(Exercise prompt) Find the string "South" in the listing and report every line that has it.

(Information)
Content starts

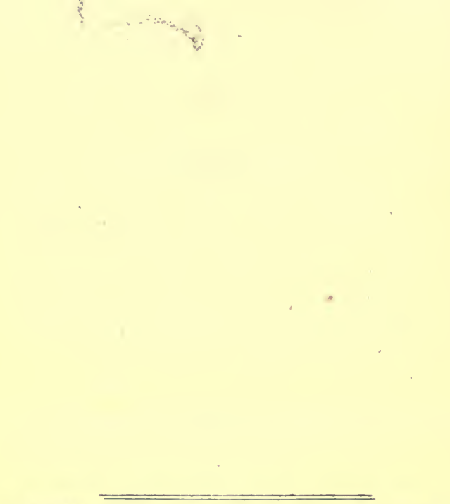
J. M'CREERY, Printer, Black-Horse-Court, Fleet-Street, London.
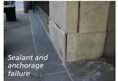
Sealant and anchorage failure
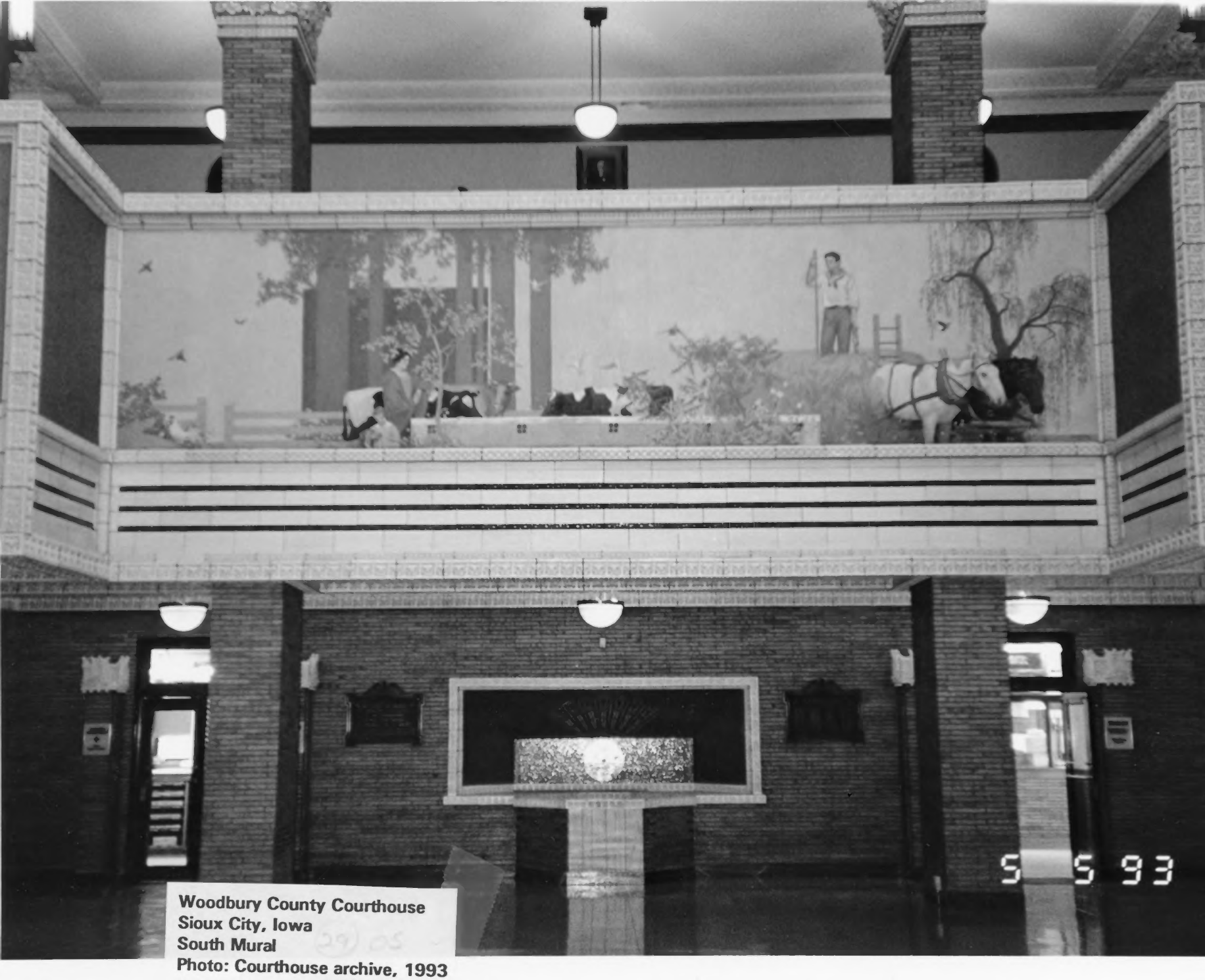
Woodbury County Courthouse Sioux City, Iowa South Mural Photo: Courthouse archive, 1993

Content ends
Content starts

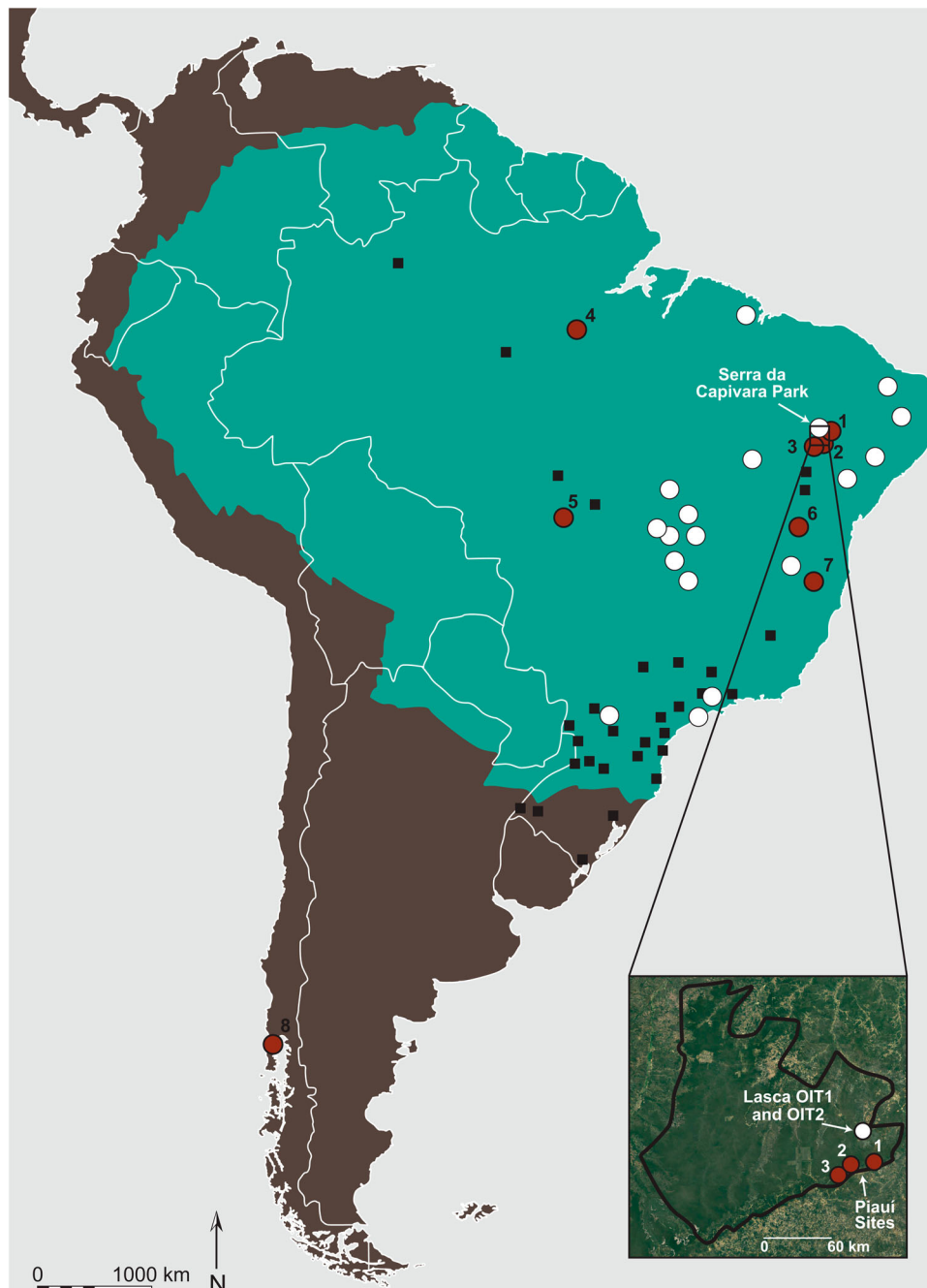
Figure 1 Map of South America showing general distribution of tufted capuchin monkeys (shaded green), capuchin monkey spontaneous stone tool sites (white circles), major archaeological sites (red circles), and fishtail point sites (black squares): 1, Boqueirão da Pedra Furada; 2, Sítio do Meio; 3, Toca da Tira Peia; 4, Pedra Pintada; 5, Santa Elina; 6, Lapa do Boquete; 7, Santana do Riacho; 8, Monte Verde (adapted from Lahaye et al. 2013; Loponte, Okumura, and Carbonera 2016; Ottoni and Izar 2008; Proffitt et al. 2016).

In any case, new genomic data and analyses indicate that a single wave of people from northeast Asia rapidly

Content ends
Content starts

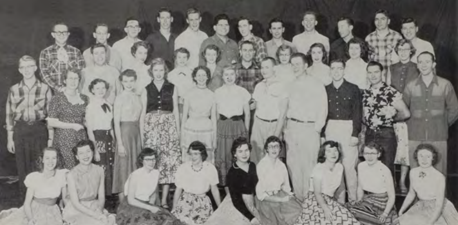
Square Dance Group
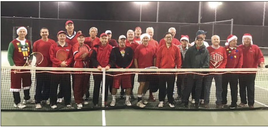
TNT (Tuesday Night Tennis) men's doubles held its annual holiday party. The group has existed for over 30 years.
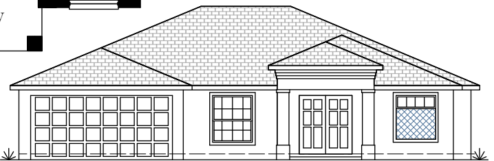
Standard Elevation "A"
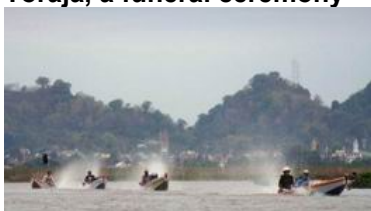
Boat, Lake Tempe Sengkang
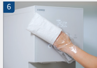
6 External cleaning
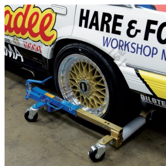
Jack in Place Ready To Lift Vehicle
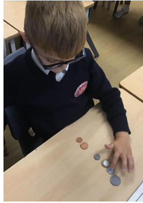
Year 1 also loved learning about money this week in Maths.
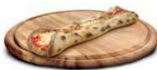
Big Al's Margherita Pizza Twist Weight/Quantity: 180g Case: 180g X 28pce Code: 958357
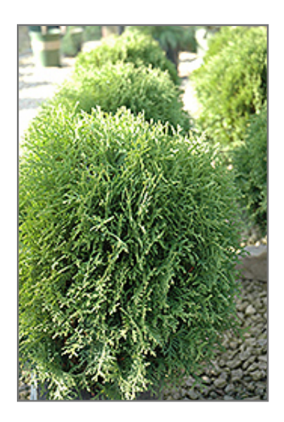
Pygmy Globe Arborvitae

Content ends

(The completed task)
Woodbury County Courthouse Sioux City, Iowa South Mural Photo: Courthouse archive, 1993
Figure 1 Map of South America showing general distribution of tufted capuchin monkeys (shaded green), capuchin monkey spontaneous stone tool sites (white circles), major archaeological sites (red circles), and fishtail point sites (black squares): 1, Boqueirão da Pedra Furada; 2, Sítio do Meio; 3, Toca da Tira Peia; 4, Pedra Pintada; 5, Santa Elina; 6, Lapa do Boquete; 7, Santana do Riacho; 8, Monte Verde (adapted from Lahaye et al. 2013; Loponte, Okumura, and Carbonera 2016; Ottoni and Izar 2008; Proffitt et al. 2016).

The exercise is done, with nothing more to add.